Dead lambs (and a lone shark) in separate tanks of formaldehyde are hooked up to "intravenous tubes" in front of "the teacher" in the form of a 12-foot tank, containing two sides of beef but also, alas, an umbrella, a birdcage with a dove, and an armchair.
First question in our art-student quiz: which two artist is Hirst referring too? Which one is associated with sides of beef? And which artists with the objects? Essay question for extra credit: Why is Hirst referring to these artists at all?

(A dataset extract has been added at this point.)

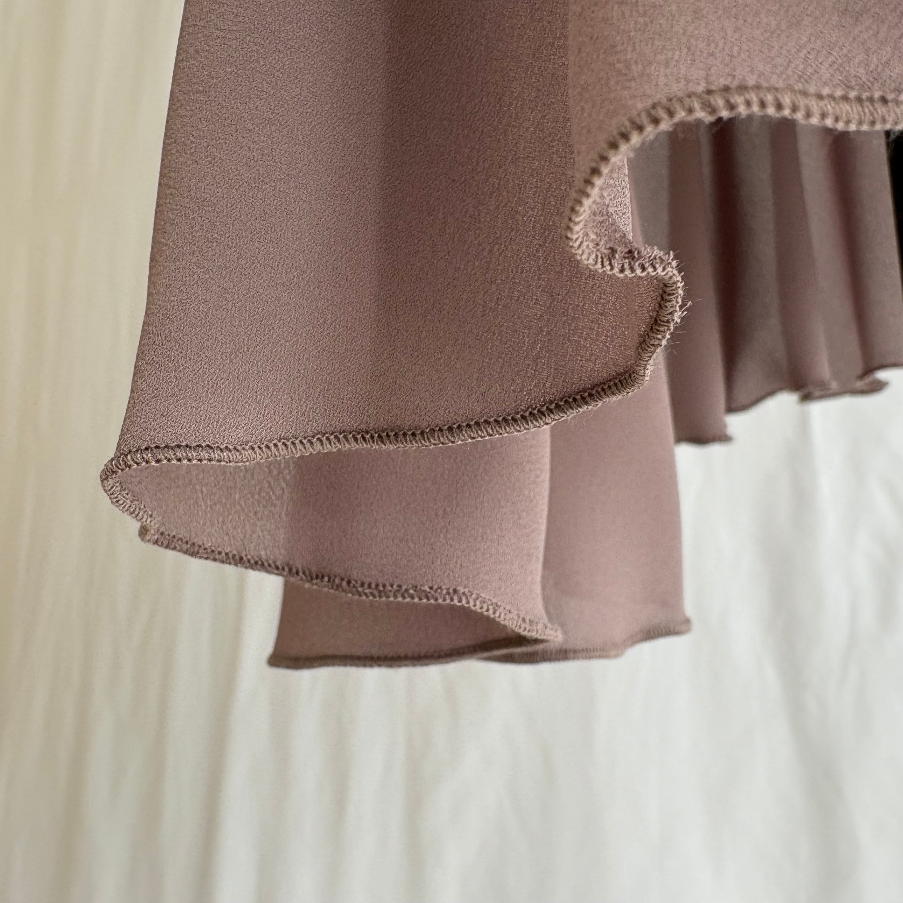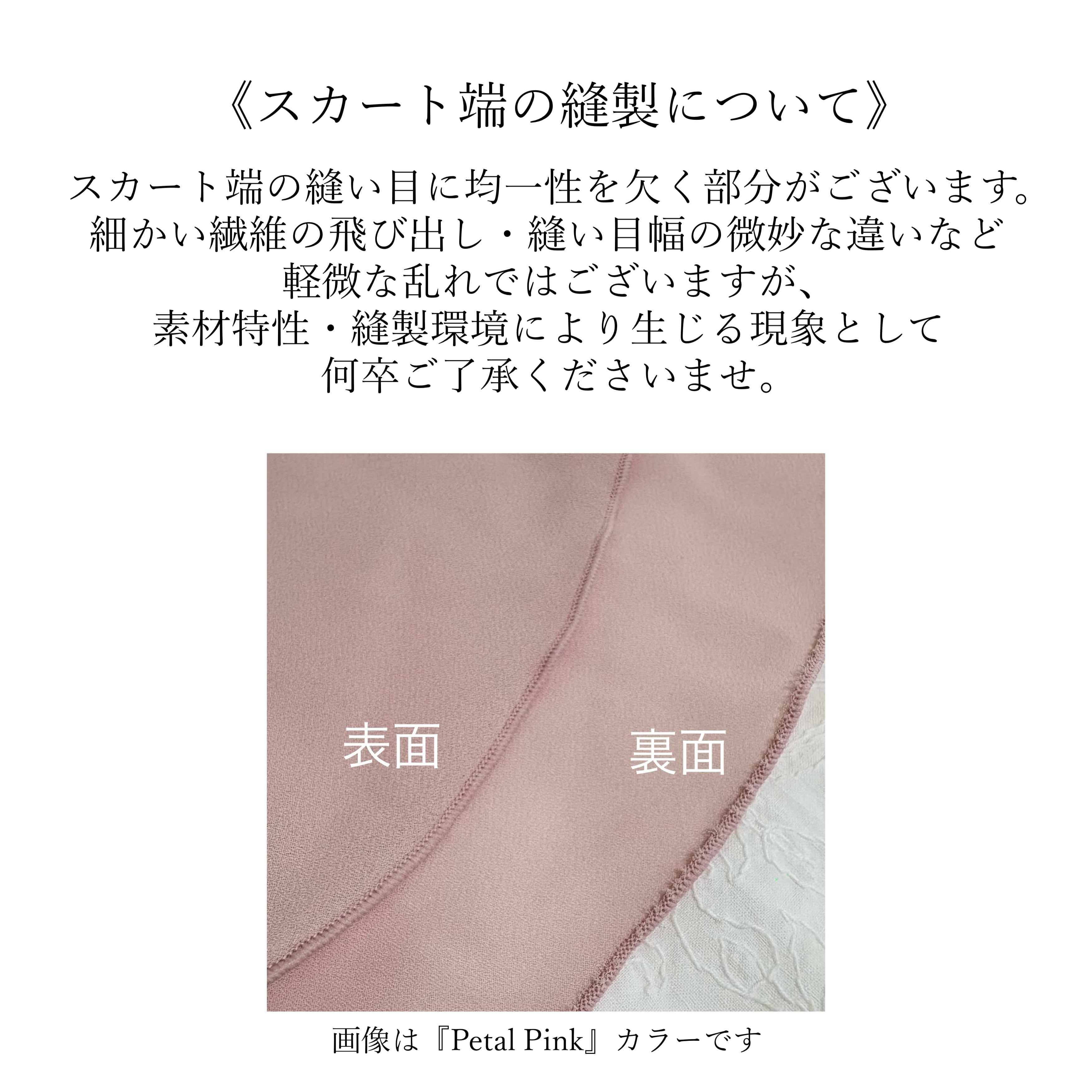 極細繊維を織ったシフォン・ジョーゼットの素材特性および縫製環境により布端の縫い目に均一性を欠く部分がございます。(画像をご参照ください)
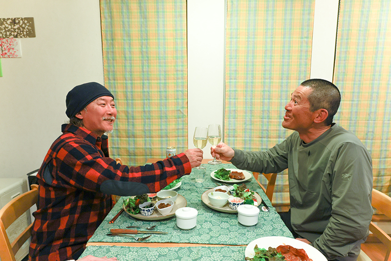 おもしろいオジサンふたりが、大満足でカンパイ。

School is on display in the glass-enclosed Lever House ground-floor space just beyond the open court that sports Hirst's monumental sculpture The Virgin Mother (based on a fetus-revealing medical model), which I think is "sensationally" good, as is his $8 million signature pickled shark titled The Physical Impossibility of Death in the Mind of Someone Living (1991), now on display at the Metropolitan Museum for three years. School also includes a big sampling of Hirst's undistinguished medicine cabinets filled with drug packaging, placed around the periphery of the tanked-up "schoolroom." All the display lacks are his bad spin paintings and his equally uninspired dot paintings. The slaughtered lambs by themselves - sans shark, sans teacher-tank - would have resulted in a stronger installation. We remain confident that art history will weed out these lesser efforts along with the medicine cases. Actually, we are hopeful, but not confident.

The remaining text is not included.